S2 - Intermittent Slowness in SpaceIQ
Incident Report for SiQ
Postmortem

SpaceIQ Detailed Root Cause Analysis – Severity 2 – June 5, 2023 

Intermittent Slowness in SpaceIQ 

 

Description: 

On June 5, 2023, at approximately 10:52am MST, internal teams and customers support started to receive reports of issues throughout the SpaceIQ platform with Intermittent slowness. Some users were experiencing a spinning wheel, or a Network Request failed error when trying access or navigate the platform. 

 

Type of Event: 

Performance Degradation  

 

Services\Modules Impacted: 

Production 

 

Timeline:  

10:52am MST – Internal teams and customers have reports of issues throughout the SpaceIQ platform with Intermittent slowness. Some users were experiencing a spinning wheel, or a Network Request failed error when trying access or navigate the platform. After a short investigation and information gathering to reproduce customers experiences. The initial ticket was escalated to a S2 incident at 1:12pm MST and posted to our status page alerting customers. Internal teams acknowledge the issue and begin investigating. The issue was quickly identified, and a fix was implemented. At 1:47pm MST, customers were alerted on the status page that we are now monitoring the fix. Customers were able to confirm the implemented fix during monitoring. There were no additional reports of slowness, and the status page was marked as resolved at 4:21pm MST.  

 

Total Duration of Event:  

5hrs 29mins 

 

Root Cause Analysis: 

The engineering and dev ops team found that there was an issue with a caching server. A manual restart of the server resolved the issue.  

 

Preventative Action:  

Our dev ops team continues to investigate why the caching server did not restart automatically. They have put new processes in place to ensure that the appropriate teams are also alerted if this happens again.

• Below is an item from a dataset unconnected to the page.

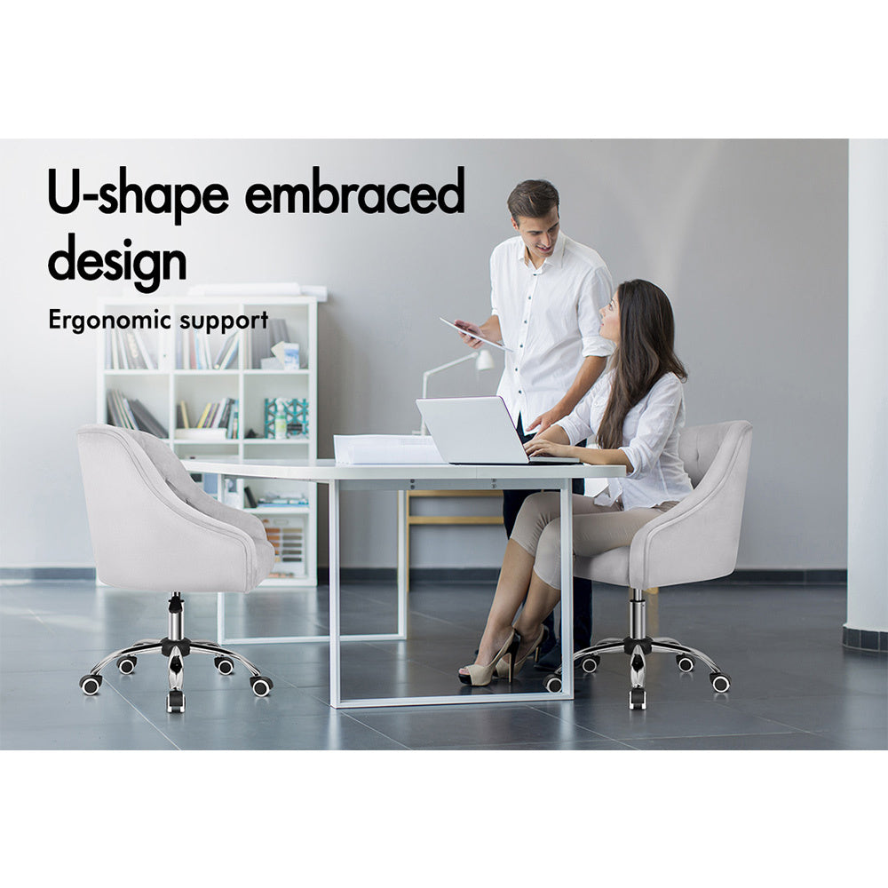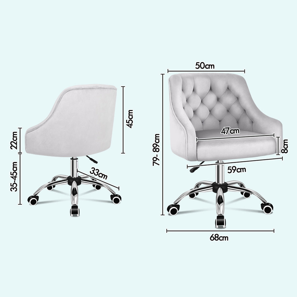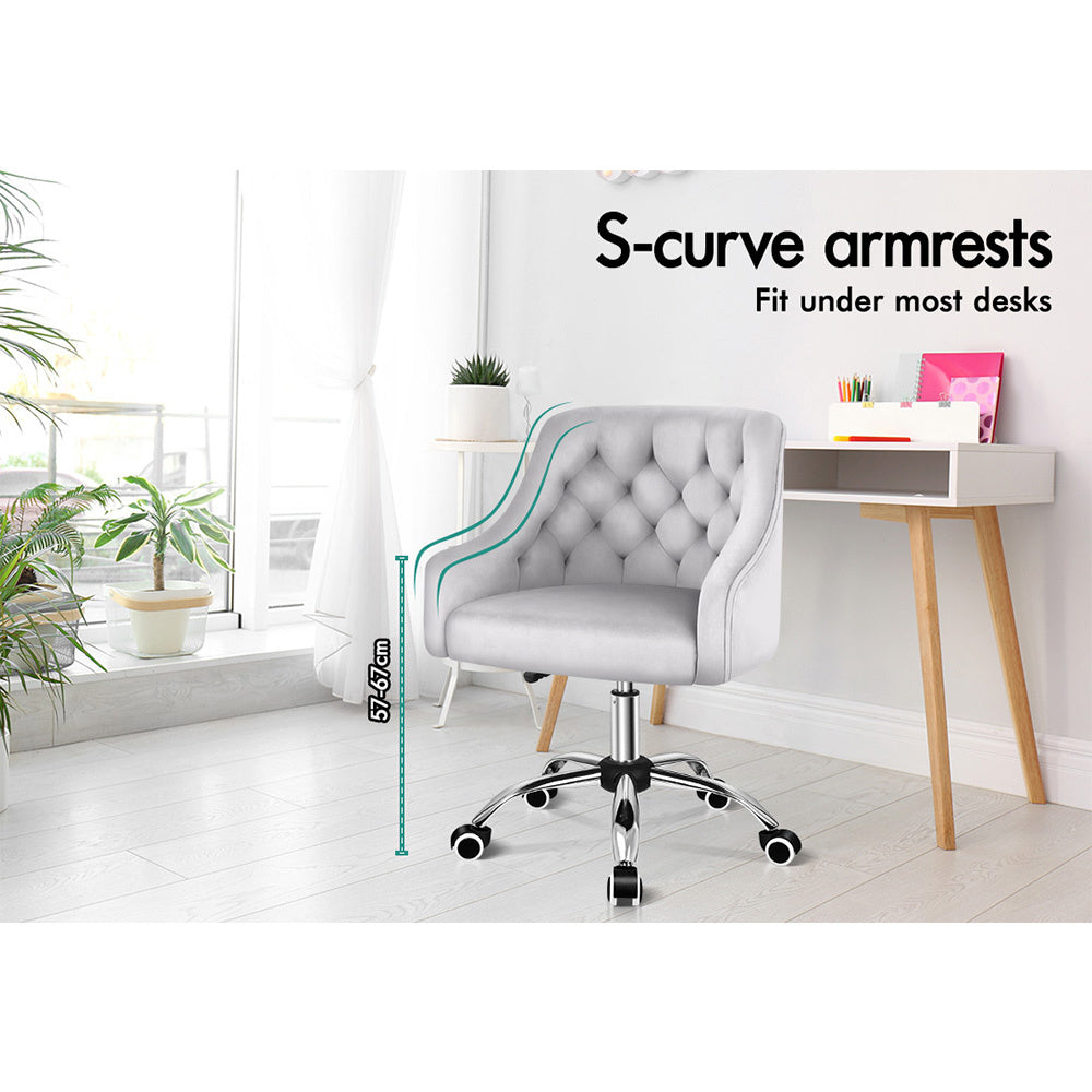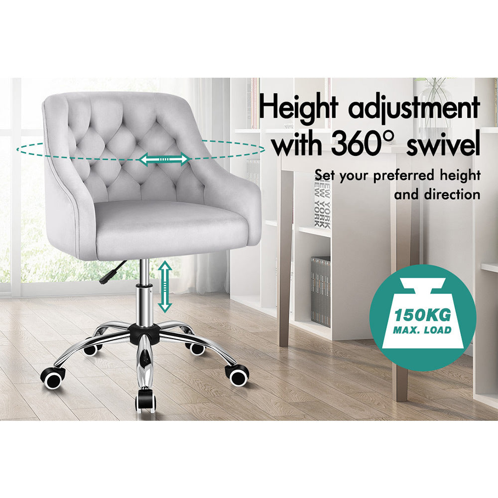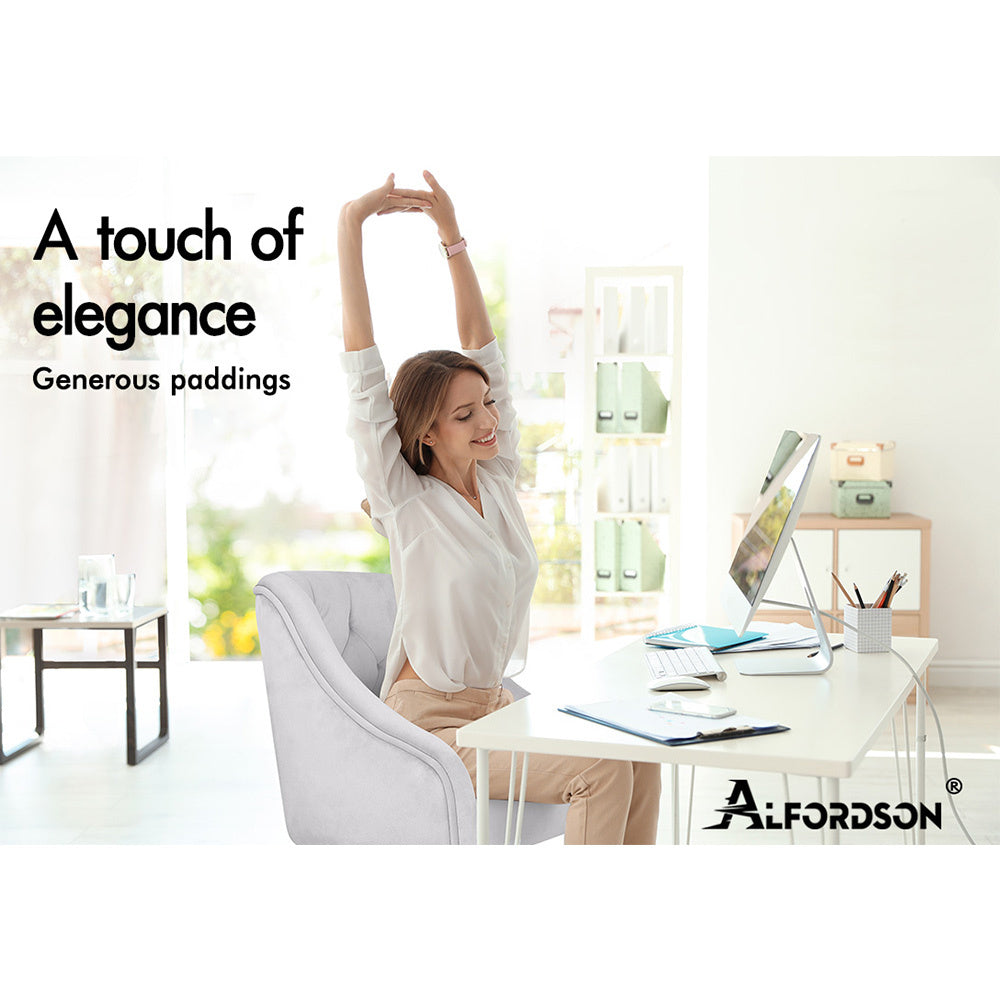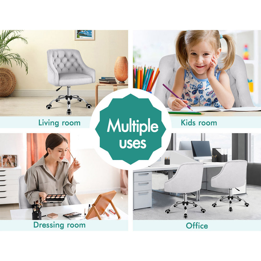 ALFORDSON Velvet Office Chair Computer Swivel Chairs Armchair Work Study Seat Grey Adult Kids

Posted Jun 15, 2023 - 16:37 UTC

Resolved
As customers confirm resolution and no other reports have been made to SpaceIQ, we are moving this issue from Monitoring to a Resolved phase. We appreciate your patience and will have an Root Cause Analysis in 10 days Business Days.
Posted Jun 05, 2023 - 22:21 UTC
Monitoring
Our Engineering and Dev Ops team has found the root cause and implemented a fix. We will be monitoring this issue for the next 2 hours and will return with another update. We appreciate your patience as we worked to find a solution.
Posted Jun 05, 2023 - 19:47 UTC
Investigating
We are currently investigating an issue with Intermittent slowness at login of the platform. Some may see a spinning wheel and others will see a network request has failed.
Posted Jun 05, 2023 - 19:12 UTC
This incident affected: System Status.